Healthcare Safety Investigation Branch

The Healthcare Safety Investigation Branch is a part of NHS England, established in April 2017, to operate independently of other regulatory agencies. [1] It is intended to produce rigorous, non-punitive, and systematic investigations and to develop system-wide recommendations for learning and improvement and to be separate from systems that seek to allocate blame, liability, or punishment.

In June 2019 it employed about 200 full-time equivalent staff and its budget had increased from £3.8 million in 2017 to almost £20 million. There were criticisms of the management of the organisation under chief investigator Keith Conradi.[2]

England was the first country to adopt such a system. Norway is launching a similar organisation in 2019 called the National Investigation Board for the Health and Care Services.[3]

From 2018 it has been responsible for the investigation of maternity cases which involve intrapartum stillbirth, early neonatal deaths or severe brain injury. A maternity caseload of around 400 is expected, with about 3 new referrals daily.[4]

It has already started producing reports on never events.[5]

In February 2019 it produced a report into mistakes involving piped air being mistakenly supplied rather than piped oxygen and said that cost pressures could make it difficult for trusts to respond to safety alerts the financial costs of replacing equipment.
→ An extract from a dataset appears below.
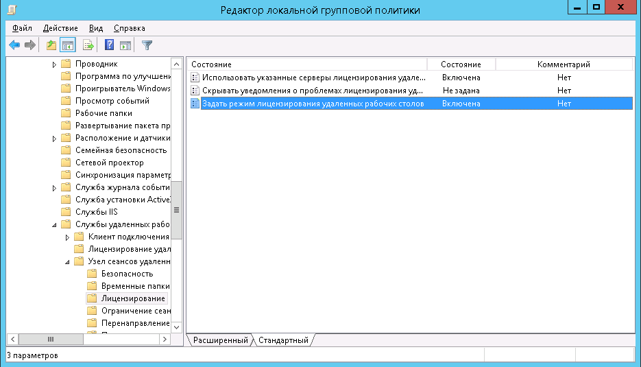 Перейдите в Конфигурация компьютера, Административные шаблоны, Компоненты Windows, Службы удаленных рабочих столов, Узел сеансов удаленных рабочих столов, Лицензирование (рис. 16).

Private finance initiative contracts increased those costs.[6]

In January 2020 it called for systematic monitoring of eye health follow-up appointments after large numbers of patients had their sight put at risk from delayed follow-ups.[7]

References

  1. "About us". HSIB. Retrieved 8 April 2019.
  2. "Safety watchdog hit by poor governance and culture". Health Service Journal. 12 June 2019. Retrieved 20 July 2019.
  3. Macrae, Carl; Stewart, Kevin (21 March 2019). "Can we import improvements from industry to healthcare?". British Medical Journal. Retrieved 8 April 2019.
  4. "New way of investigating maternity incidents completes NHS rollout". Nursing Times. 19 March 2019. Retrieved 8 April 2019.
  5. "Man was mistakenly circumcised in mix-up at Leicester hospital". ITV News. 25 March 2019. Retrieved 8 April 2019.
  6. "PFI contracts a 'systemic' barrier to safety improvement, warns watchdog". Health Service Journal. 28 February 2019. Retrieved 8 April 2019.
  7. "Watchdog tells NHS England to improve monitoring after "devastating" care failure". Health Service Journal. 9 January 2020. Retrieved 24 February 2020.